Under Fiji’s fisheries legislation there is a moratorium in place on the harvest of turtles and their eggs. The province hosting the national conference, as is normal practice, made sure that conference participants from other parts of Fiji were given the best hospitality. The traditional leaders supported the harvest of turtles for a feast. Traditionally turtle meat is considered a chiefly delicacy. When the situation was exposed in the media, the fisheries interim minister stated that there was a “communication break-down” and implied that the ministry had been in the wrong.

The situation highlights potential conflicts between traditional rules and legislation. In this case, the actions of traditional authorities prevailed as there were no sanctions placed.

Palau:

Palau is governed by three branches: the Executive; a Legislature; and the Judiciary. In addition, the President is advised by a council of traditional chiefs on matters concerning traditional laws, customs and their relationship to this Constitution and the laws of Palau.

The Executive consists of the President, Vice President, and eight Ministers appointed by the President with the advice and consent of the Senate. The eight ministries are: Commerce and Trade; Community and Cultural Affairs; Education; Finance; Health; Justice; Resources and Development; and State. The Constitution prohibits an individual from serving in the Cabinet and in the Legislature or Olbiil Era Kelulau at the same time.

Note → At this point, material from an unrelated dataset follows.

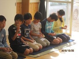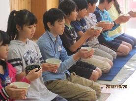 初めて体験する子ども達は、多少緊張ぎみながら、茶席の落ち着いた雰囲気の中で茶道を体験することができました。講師の小口先生からは、お菓子のいただき方や喫茶の作法など茶道についての一つ一つの作法を子どもたちに分かるように説明くださいました。また、掛け軸の「日々是好日」についての意味や礼儀を重んじながら客をもてなすお話もありました。子どもたちの体験活動では、初めて茶筅を使って抹茶を立てることは児童にとって難しいようでしたが、講師の先生方のご指導で、上手に泡を立てることができ、おいしくいただくことができました。
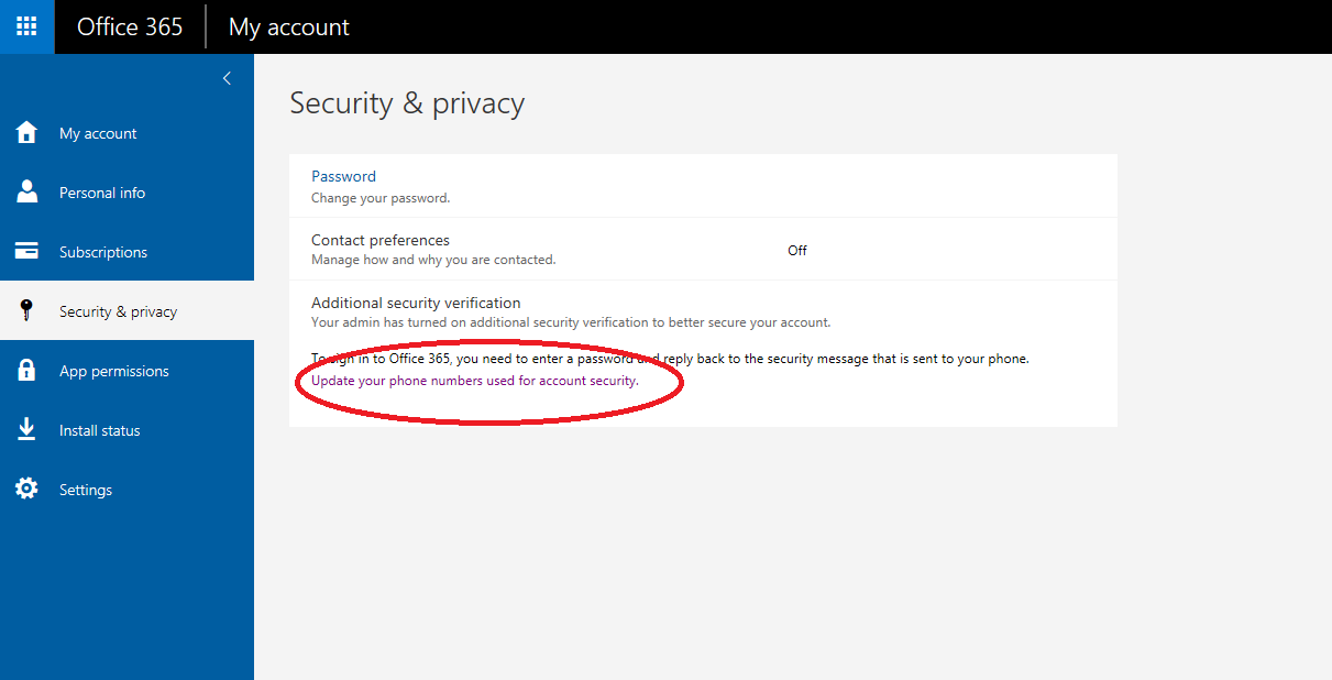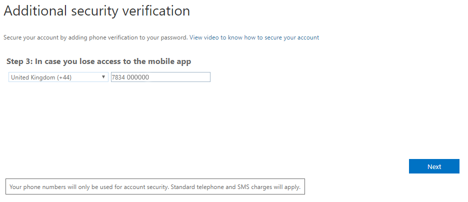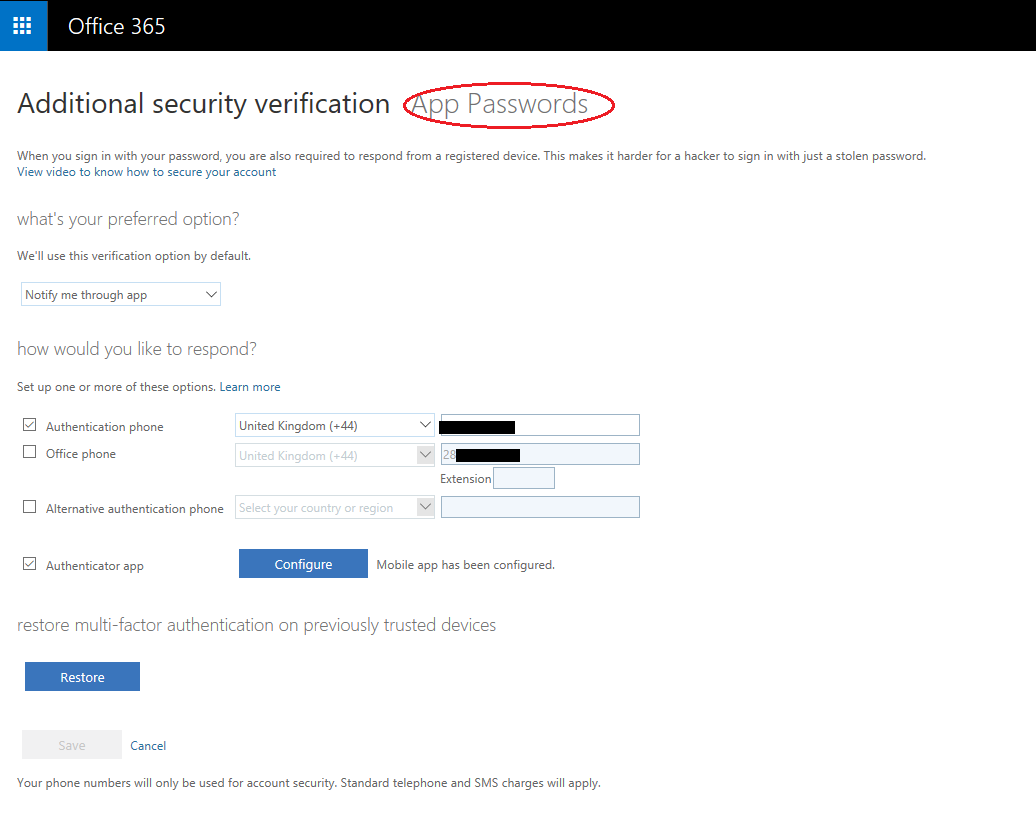 You should see a screen similar to the one below, detailing your telephone numbers and the Authenticator App which you have already setup

The Legislature consists of a Senate with nine members and a House of Delegates with sixteen members, one representing each State. Article IX.5 of the Constitution provides that the Olbiil Era Kelulau shall have, among other powers, the power to regulate “the ownership, exploration and exploitation of natural resources”, the power to delegate any power to the States, and the power to enact any laws which necessary and proper for exercising these powers and all other inherent powers vested by this Constitution in the government of Palau.

The national government is responsible and is mandated to take ‘positive action’under Article VI of the constitution for the attainment of national objectives and the implementation of national policies relating to, “conservation of a beautiful, healthful and resourceful natural environment; promotion of the national economy; protection of the safety and security of persons and property; promotion of the health and social welfare of the citizens through the provision of free or subsidized health care; and provision of public education for citizens which shall be free and compulsory as prescribed by law”. The President is the chief executive of the national government.

Major government powers including but not limited to defense, security, or foreign affairs may be delegated by treaty, compact, or other agreement between the sovereign Republic of Palau and another sovereign nation or international organization, provided such treaty, compact or agreement shall be approved by not less than two-thirds (2/3) of the members of each house of the Olbiil Era Kelulau and by a majority of the votes cast in a nationwide referendum conducted for such purpose, provided, that any such agreement which authorizes use, testing, storage or disposal of nuclear, toxic chemical, gas or biological weapons intended for use in warfare shall require approval of not less than three-fourths (3/4) of the votes cast in such referendum.